(Aim of the exercise): Exclude all pictures, then write out exactly the lines below from the first one through the line with "a bee was feeding".

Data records
===
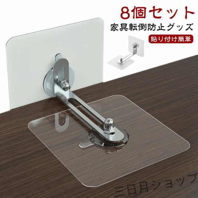 家具転倒防止グッズ 8個セット 耐震ストッパー 転倒防止 L字金具 粘着テープ 貼り付け簡単 家具 棚 地震対策 防災用品
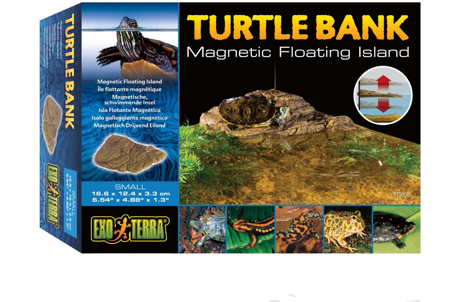 Flytande öformation för vattenlevande sköldpaddor. Sköldpaddsön är placerad i vilket hörn av sköldpaddstanken som helst med hjälp av magnetfäste - den anpassar sig optimalt till alla vattennivåer. Turtle Island har en undervattensramp som gör det lätt för djur att klättra upp på den torra öformationen ovanför vattnet och sola eller koppla av som de vill.
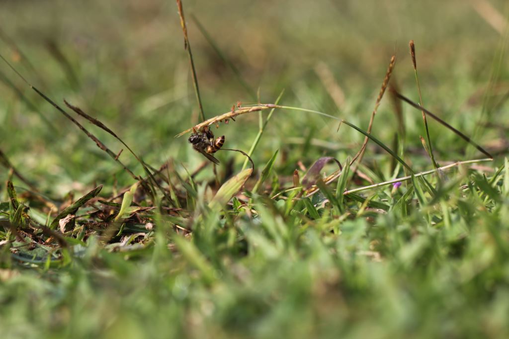 a bee was feeding and playing with the flower stalks.
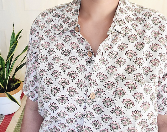 Relaxed fit Crop Shirt short sleeves -Artistic Printed
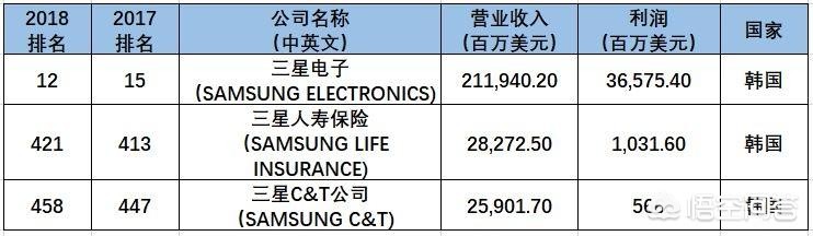 根据美国《财富》公布的2018年世界五百强企业,来自三星集团旗下的公司就有三家,分别是三星电子、三星人寿保险以及三星物产。其中三星电子的营收高达2119.4亿美元,位居五百强第12。
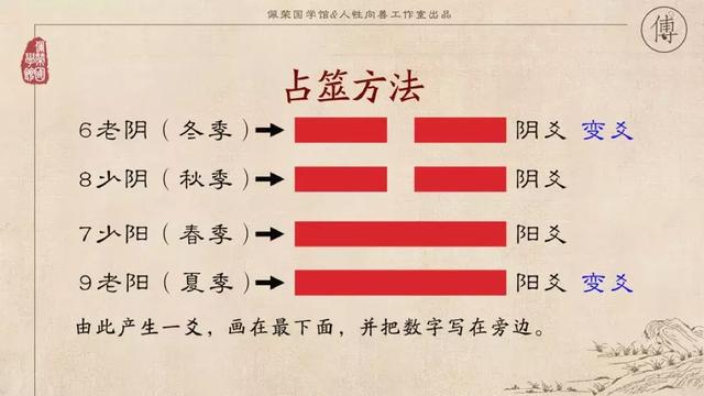 3 最后留在桌上的余数以四除之,得到九或八或七或六。九与七为阳爻,八与六为阴爻。
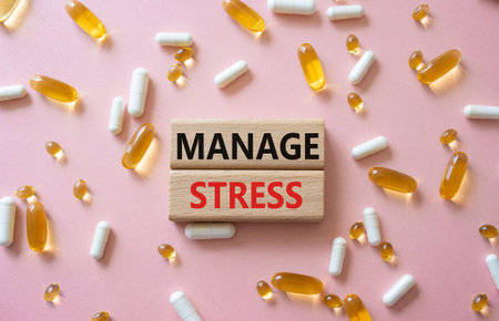 Manage stress symbol. Concept word Manage stress on wooden blocks. Beautiful pink background with pills. Medicine and Management stress concept. Copy space
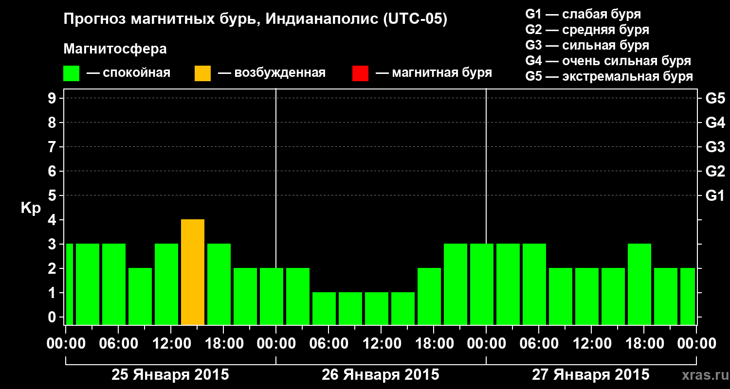 Прогноз магнитных бурь в Индианаполисе — 25 января 2015 года
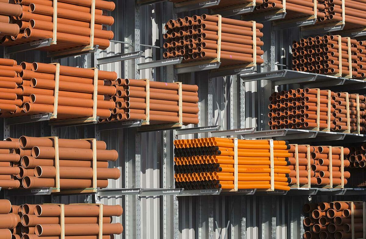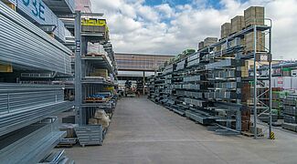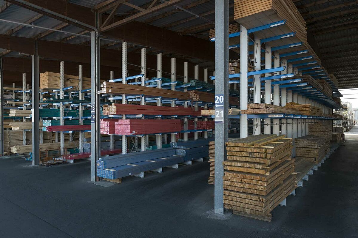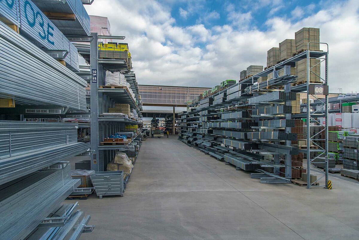 Také měl být optimalizován i stávající sklad: Neslouží pouze k zásobování zákazníků, ale jsou odsud zásobovány dřevem a stavebními materiály i čtyři další pobočky. V rámci restrukturalizace se společnost Beinbrech rozhodla nahradit stávající regálová zařízení novými konzolovými regály. S výškou stojanů až 6,58 metrů jsou značně vyšší než staré regály a nabízejí tak více místa. Díky tomu lze rychle vychystávat všechny náhlé a neočekávané objednávky a zajišťovat i velké objemy.
===
(Answer for this exercise):
 家具転倒防止グッズ 8個セット 耐震ストッパー 転倒防止 L字金具 粘着テープ 貼り付け簡単 家具 棚 地震対策 防災用品
 Flytande öformation för vattenlevande sköldpaddor. Sköldpaddsön är placerad i vilket hörn av sköldpaddstanken som helst med hjälp av magnetfäste - den anpassar sig optimalt till alla vattennivåer. Turtle Island har en undervattensramp som gör det lätt för djur att klättra upp på den torra öformationen ovanför vattnet och sola eller koppla av som de vill.
 a bee was feeding and playing with the flower stalks.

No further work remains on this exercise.